As we previously reported, earlier this year, the Federal Housing Administration (FHA) revised its policies concerning the annual mortgage insurance premium (MIP), as described in Mortgagee Letter 2013-04. Effective June 3, 2013, some borrowers are required to pay the annual MIP over the life of the loan. The new FHA life-of-loan MIP, together with increasing interest rates, has caused a disproportionate number of New York loans to be categorized as subprime.
The DFS previously issued two temporary orders excluding the revised FHA life-of-loan MIP from New York’s subprime loan calculations under Section 6-m of the New York Banking Law. The last of those temporary orders was set to expire on September 30, 2013.

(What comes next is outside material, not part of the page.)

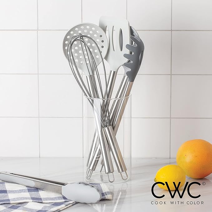 • Grey utensil set with metallic tones, this set of silicone kitchen tools has an up to date, trendy look that is madly in line with the current styles and trends. Add a splash of color and funk to your kitchen and hang from the rings on each utensil.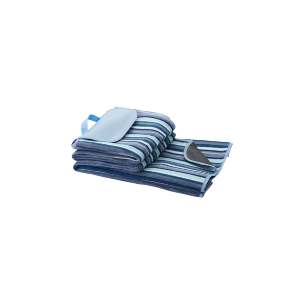 Picknickdeken met waterafstotende bekleding en handige draaggreep. Formaat 160 x 125 cm. Polyester fleece.

Rather than continuing to issue temporary orders, the DFS adopted emergency regulations revising the calculation for loans subject to the revised FHA life-of-loan MIP. Under the emergency regulations, the subprime threshold for certain loans subject to the FHA life-of-loan MIP was raised by 75 basis points. Certain loans are excluded from the higher threshold, including Title I Home Improvement Loans, Home Equity Conversion Mortgages, and any FHA-insured loans that would have exceeded the subprime threshold before the implementation of the FHA life-of-loan MIP.
In a letter to supervised institutions, the DFS includes a decision tree, which can be used for determining whether loans exceed the subprime threshold under Section 6-m as amended. For loans that are not subject to the FHA life-of-loan MIP, the analysis of whether or not the loan is subprime under Section 6-m is unchanged by the emergency regulations.